Precision Neoantigen Discovery Using Large-scale Immunopeptidomes and Composite Modeling of MHC Peptide Presentation

Immunopeptidomics Special Issue of the journal Molecular & Cellular Proteomics

January 2021

Volume 20, 100111

The Personalis authors created Systematic HLA Epitope Ranking Pan Algorithm (SHERPA™), a novel pan-allelic machine learning algorithm for predicting MHC-peptide binding and presentation that demonstrates significantly improved performance compared to currently available prediction tools. To improve performance and generalizability, SHERPA was trained with immunopeptidomics data from newly engineered cell lines mono-allelic for HLA combined with other publicly available datasets.
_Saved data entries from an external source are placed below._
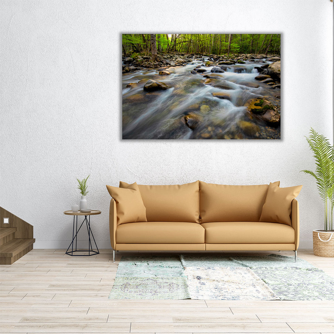 Add warmth and depth to your home with golden wall art that captures the glow of sunlight over rugged terrain. Rich textures in the brown rock prints contrast beautifully with surrounding greenery, creating a natural yet striking scene. Perfect as a focal point, this large landscape canvas art for living room décor blends elegance with the beauty of the outdoors.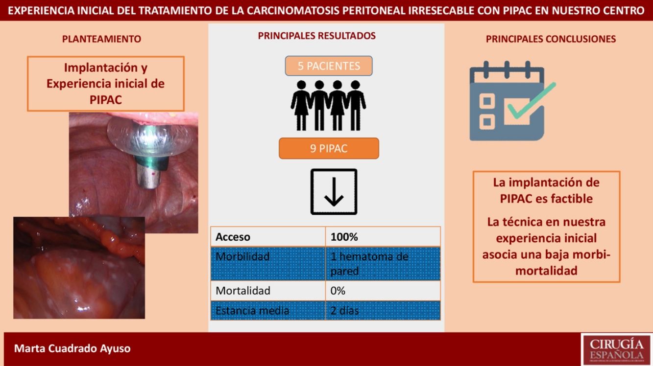 Podemos concluir que la implantación de PIPAC en un hospital público de tercer nivel es factible. La experiencia inicial en nuestro centro ha puesto de manifiesto que se trata de una técnica segura asociada a una estancia hospitalaria corta, si bien es necesaria la realización de estudios controlados para llegar a establecer su eficacia y sus indicaciones.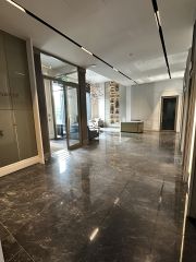 Кухня-гостиная, и три изолированные комнаты, совмещенный санузел. Восемь окон в пол, высота потолка 3 метра.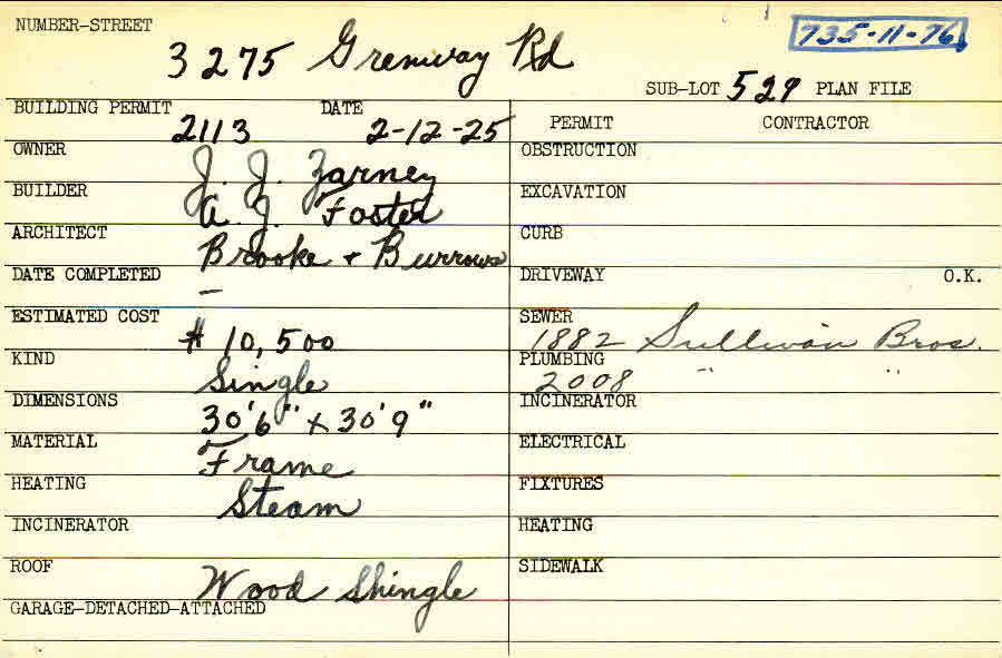 3275 Grenway Road Shaker Heights, OH 44122 PARCEL ID: 735-11-076 Building Permit Date: 02-12-1925 Neighborhood: Fernway Owner: Zarney, J. J. Builder: Foster, A. J. Architect: Brooke and Burrows Estimated Cost: 10500 Kind: Single, Single Residence or Dwelling Material: Frame Heating: Steam Roof: Wood Shingle Blueprints: no blueprints on microfilm |

In addition, SHERPA was designed to more comprehensively capture epitope binding and presentation features to further enhance the predictive power of the algorithm. Using a composite model constructed with gradient boosting decision trees, multi-allelic deconvolution, and 2.15 million peptides encompassing 167 unique human HLA alleles, SHERPA achieved a 1.44-fold improvement of positive predictive value compared to existing tools when evaluated on independent mono-allelic datasets. Since publication, Personalis has further expanded the in-house generated immunopeptidomics training data set to a total of ~70 mono-allelic cell lines, resulting in a new version of SHERPA with further enhanced performance.